WORK REQUIRED
Set down nothing but the lines from the one containing "AIRMS是一项印度监测服务" to the final line of the material, exactly as written, and drop the pictures.

DATA BELOW
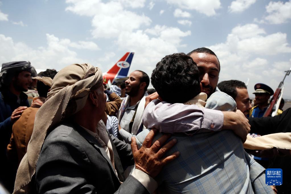 4月14日,在也門薩那機場,獲釋胡塞武裝成員戰俘下飛機后與家人擁抱。
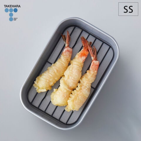 お手入れが簡単なフッ素樹脂加工がされた天ぷらバット。並べて使用しても邪魔になりにくいぷちサイズ。
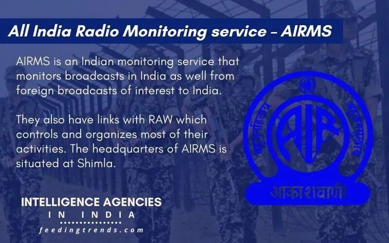 AIRMS是一项印度监测服务,负责监测印度的广播以及印度感兴趣的外国广播。他们还与RAW有联系,RAW控制和组织他们的大部分活动。AIRMS的总部位于西姆拉。
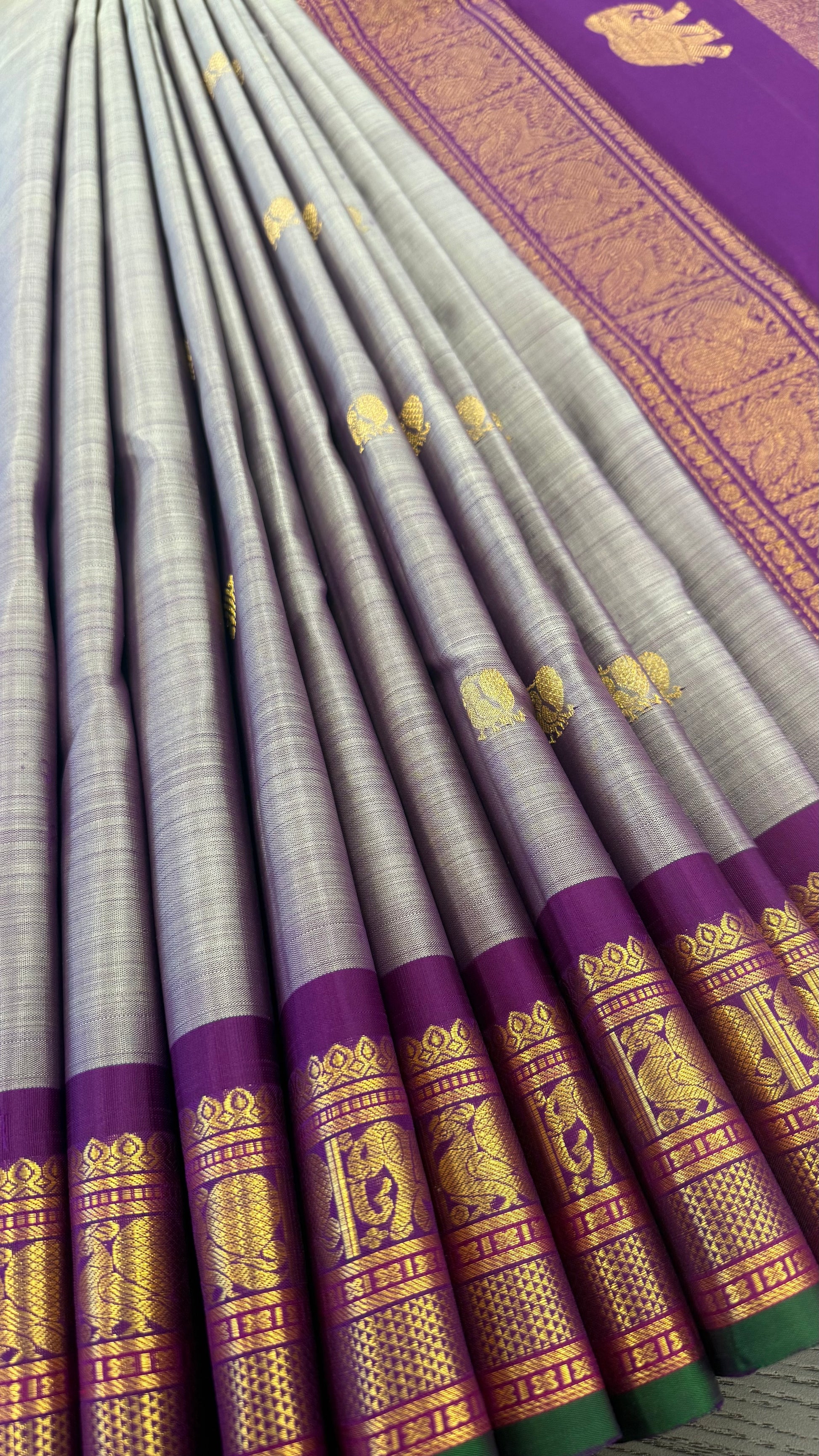 TRADITIONAL DUAL TONE GREYISH PURPLE WITH CONTRAST VADAMALI PURPLE BORDER GOLD ZARI HANDLOOM KANICHIPURAM SILK SAREE (KSS93)

RESULT OF THE TASK
 AIRMS是一项印度监测服务,负责监测印度的广播以及印度感兴趣的外国广播。他们还与RAW有联系,RAW控制和组织他们的大部分活动。AIRMS的总部位于西姆拉。
 TRADITIONAL DUAL TONE GREYISH PURPLE WITH CONTRAST VADAMALI PURPLE BORDER GOLD ZARI HANDLOOM KANICHIPURAM SILK SAREE (KSS93)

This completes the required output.